Si reflexionamos en la complejidad de la vida humana, se puede imaginar que necesitamos de muchos puentes para superar el abismo que media entre el texto constitucional y la realidad humana. Por esta razón, en La Constitución invisible el jurista norteamericano Lawrence H. Tribe postula que “la Constitución visible flota en un vasto, y profundo —y crucialmente invisible— océano de ideas, proposiciones, memorias recuperadas y experiencias imaginadas”. Este océano constituye la parte no escrita y, recordando a Wittgenstein, la más importante de la Constitución; en ella se movilizan las placas profundas que van constituyendo los sentires y esperanzas más profundas de la sociedad. No es ingenuo pensar que en la apreciación social de los ideales constitucionales se moviliza la esperanza, siempre precaria, de alcanzar una vida en común en la que prive la realización de la justicia.
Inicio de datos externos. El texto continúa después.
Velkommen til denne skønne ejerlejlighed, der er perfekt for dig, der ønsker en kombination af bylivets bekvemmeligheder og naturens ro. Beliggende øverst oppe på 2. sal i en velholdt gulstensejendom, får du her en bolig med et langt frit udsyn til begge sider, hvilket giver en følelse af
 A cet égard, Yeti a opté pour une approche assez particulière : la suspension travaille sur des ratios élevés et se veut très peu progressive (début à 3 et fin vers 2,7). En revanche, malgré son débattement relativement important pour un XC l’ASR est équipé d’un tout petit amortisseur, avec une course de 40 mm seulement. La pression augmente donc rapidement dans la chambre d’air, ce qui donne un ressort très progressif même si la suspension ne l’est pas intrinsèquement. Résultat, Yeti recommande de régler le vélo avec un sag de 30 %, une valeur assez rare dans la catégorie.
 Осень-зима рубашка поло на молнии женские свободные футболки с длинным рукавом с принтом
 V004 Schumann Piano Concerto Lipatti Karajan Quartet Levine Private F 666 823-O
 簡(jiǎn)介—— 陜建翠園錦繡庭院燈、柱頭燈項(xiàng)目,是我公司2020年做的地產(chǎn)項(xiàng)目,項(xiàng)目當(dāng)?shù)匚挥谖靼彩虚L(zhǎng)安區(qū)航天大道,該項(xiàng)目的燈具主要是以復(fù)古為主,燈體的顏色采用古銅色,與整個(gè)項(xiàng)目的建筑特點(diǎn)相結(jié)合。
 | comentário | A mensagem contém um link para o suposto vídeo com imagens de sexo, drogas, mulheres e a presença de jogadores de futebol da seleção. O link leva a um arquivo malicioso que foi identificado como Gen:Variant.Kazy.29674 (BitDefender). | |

A la luz de estas consideraciones, resulta cada vez más obvio que concentrar en un tribunal superior la tarea de establecer el sentido y, más aún, el control de constitucionalidad, no ha resultado una buena idea. No es necesario que exista un consenso social unánime para esperar que la interpretación de un texto con un corazón axiológico declarado, tienda a dirigir su veleta a la dignidad humana. Ya Thomas Jefferson notaba que reservar la interpretación de la constitución a un tribunal superior equivalía a convertir ésta en un trozo de cera que podía ser manipulada para que dijera lo que sus miembros decidiesen. Esta lección histórica es clara, a pesar de que hayan surgido ejercicios de control de constitucionalidad responsables ante su sociedad; después de todo, los sectores conservadores han notado que deben redoblar sus esfuerzos para colocar a sus juristas en las cortes respectivas.
Ahora bien, si la capacidad de manipulación del texto constitucional refleja la injusticia de una sociedad, es fácil comprender las desfiguraciones del ideal constitucional que tenemos que presenciar los ciudadanos de este país. Ya no se puede negar que algunas de las recientes decisiones adoptadas por nuestra Corte de Constitucionalidad, no pueden valorarse como expresiones del sentido axiológico que debería alumbrar la lectura de nuestro documento constitucional. La ciudadanía tiene derecho a sentirse decepcionada cuando el tribunal que tiene a su cargo la defensa del orden constitucional ignora sistemáticamente las demandas más profundas de justicia, mientras dictamina casi siempre de acuerdo con los intereses de grupos que, como el CACIF, han demostrado la más abyecta oposición a toda medida que beneficie de manera genuina a los sectores más vulnerables de nuestro país.
Por lo dicho, soy de la opinión de que la última decisión de la Corte de Constitucionalidad respecto al período de la Fiscal General equivale a bajar un peldaño más en la escalera que nos está llevando a la ingobernabilidad absoluta. Que se hubiesen pasado por alto estándares tan básicos de racionalidad constitucional apunta no sólo a la dificultad de defender lo indefendible, sino también a la negativa de esta corte a cristalizar esos ejercicios de razón pública que, como lo ha hecho ver John Rawls, podemos exigir de los magistrados respectivos como un “deber de civilidad”. Esta carencia es más grave cuando nuestra sociedad quiere comprender los factores que la precipitan al caos político. Quizá se pueda comprender que no haya interés en respetar el sentir público cuando no hay votos que ganar o perder. Pero no se puede aceptar ninguna falta de responsabilidad cuando se trata de interpretar un texto que en su día y, con todas las limitaciones del caso, intentó cristalizar la esperanza de una sociedad justa.
A los ciudadanos, pues, nos corresponde empezar a ver las maneras en que podemos liberarnos del control ilegítimo de la Constitución. Debemos reflexionar para encontrar los medios por los que el sentir profundo de una sociedad pueda erigirse como un valladar contra los poderes fácticos que quieren consolidar su dominio a costa de la desintegración social. Considero, sin embargo, que no debemos desesperar de los ideales constitucionales; si nos alejamos de éstos, podemos vernos arrastrados a retrocesos aún más violentos. Quizá sea un consuelo vano pero, al final de cuentas, una constitución democrática es un espejo en el que nuestras élites, sufriendo una suerte similar a la de Dorian Gray frente a su retrato, pueden contemplar un rostro que se desfigura cada vez más por su insistencia en actuar con injusticia.